You can automate the living heck out of this, re-run the scoring daily if you like, tune and tweak it to your heart’s delight. Whether you do it manually or with machines, I guarantee you will never think of your users the same way again after you have made an R-F-M cube. It sparks questions like:

  • How concentrated is my business in the high-value-segments?
  • How do the users in the boundary zones (2s, 3s, 4s) change over time?
  • Where did my 5s come from? How do I find more?
  • Can I get my 3s and 4s to step-it-up and act more like my 5s?
  • Am I wasting effort on 1s and 2s? Or are there some lapsed 5s in there I should go back after with targeted investment?
  • Why am I capping my acquisition spend based on average user value? Why not target my spend at my high-value and high-potential (3s and 4s who can become 5s)?
  • Most important question of all: How can I treat them differently – product, marketing, support – so that I maximize their value?

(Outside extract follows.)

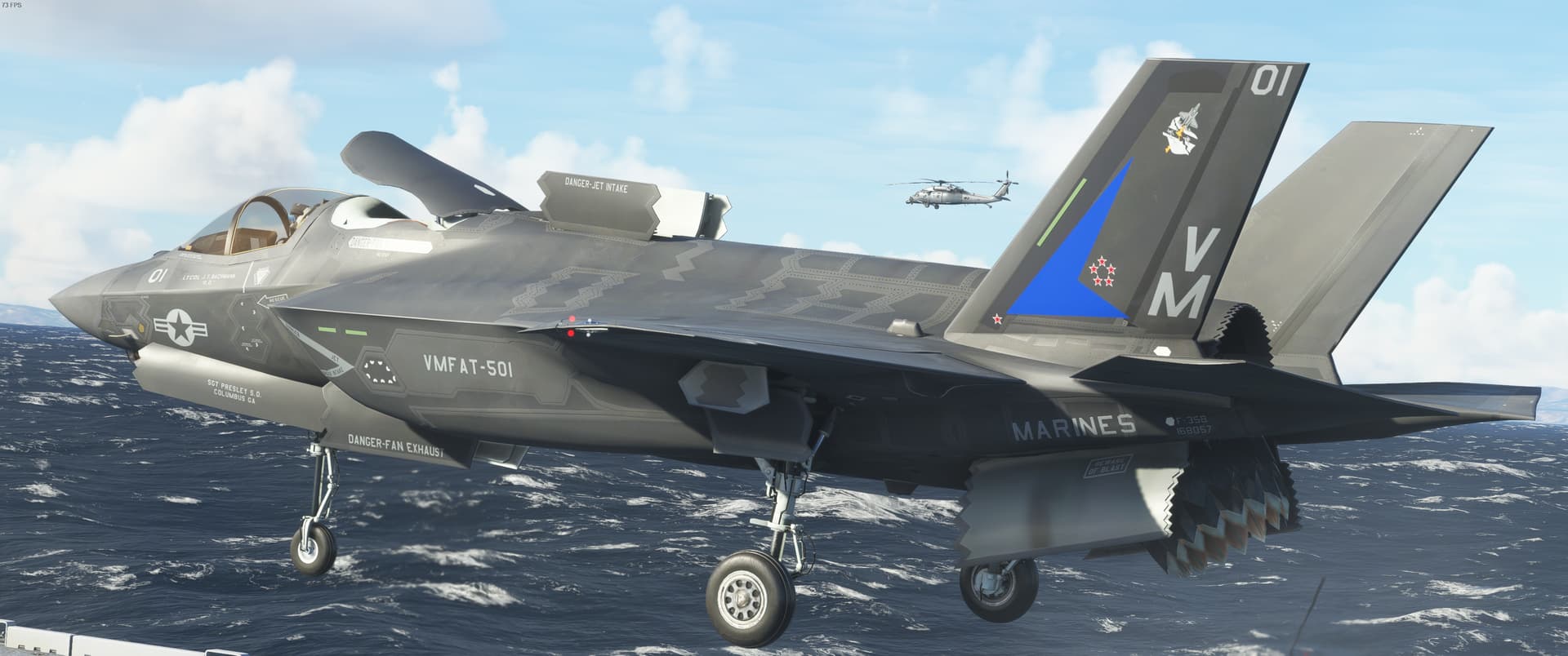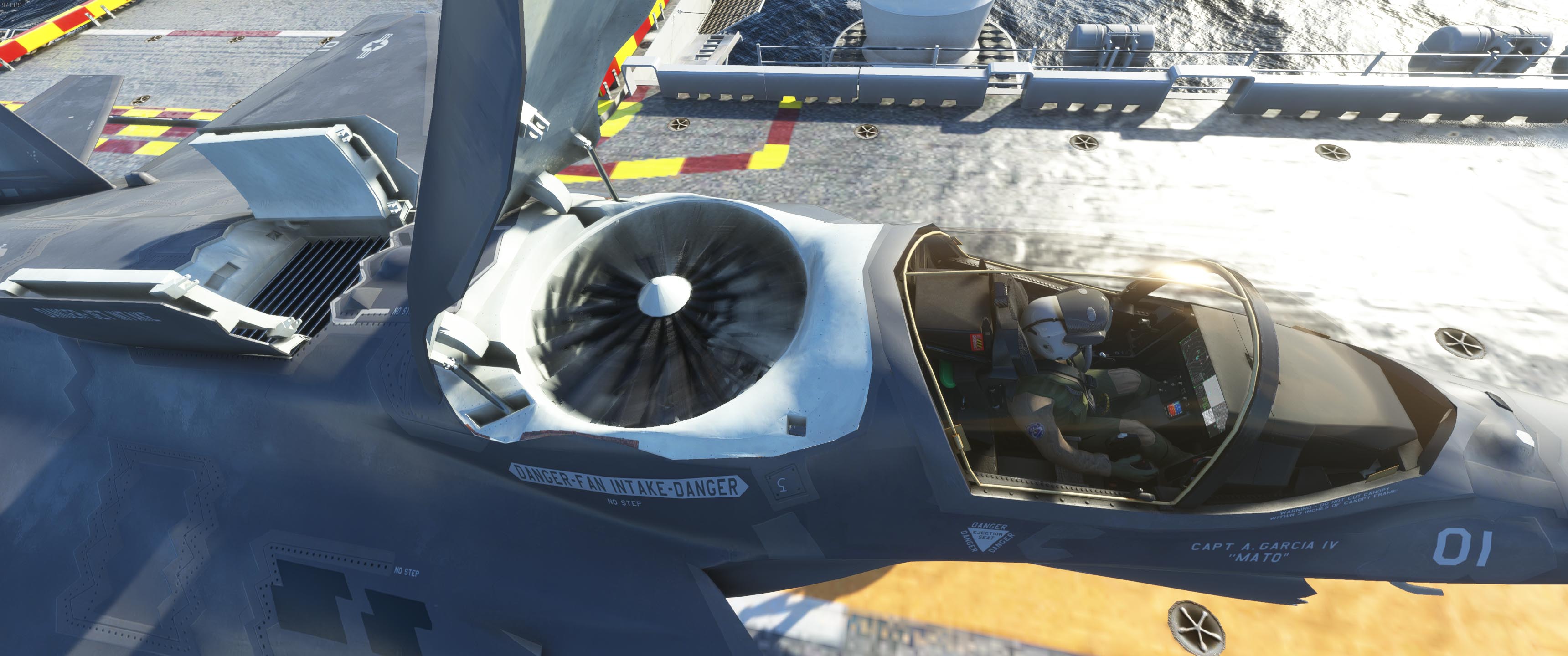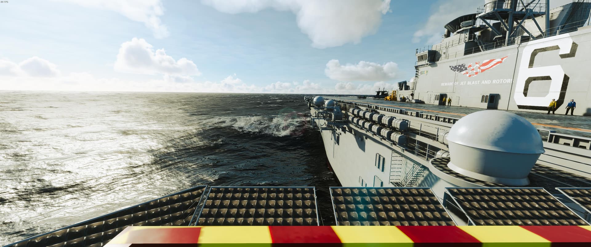 The ocean swells look pretty amazing with that surface wind, but I would like it a bit better if the ships moved and they had pitching decks. I was watching one of Ward Carol’s Tomcat RIO videos recently and heard him talk about an experience when Raven One series author Kevin Miller was his LSO during a rough seas recovery and how either Ward or his pilot saw the ship’s screws when they were in the groove. Frightening in real life, but might be fun in a simulator.

If you stop here, you are in the 99th percentile of businesses with respect to segmentation. Sad, but as my mom and dad always said, “A low bar is your opportunity, MD!” With just R-F-M, you have a powerful behavior-based segmentation that can inform product, marketing, and support investments.

Tactic: K-Means Clustering

The R-F-M space I described above is a nice frame for this slightly more advanced approach. K-Means Clustering is machine-driven technique that spots relationships between users that would take you forever to find using a human eye. The name “K-Means” refers to the number of clusters (K) and the machine-driven optimization of the mean distances between users to the centers of these clusters. That’s a mouthful. So here’s a simple explanation of how it works.

Step 1: Access and run

Using the same user data set as in R-F-M (make sure you use the measures of R, F, and M, not just the quintile score 1 - 5), access and run the K-Means clustering tool in your analytics package of choice (like R or matlab). K-Means is an “unsupervised” method that starts by automatically drawing “centroids” (machine-drawn shapes centered on a point in space) around clusters of users that seem like they might go together. Imagine the machine is scanning the cloud of users and drawing boundaries around the ones that seem like they are similar.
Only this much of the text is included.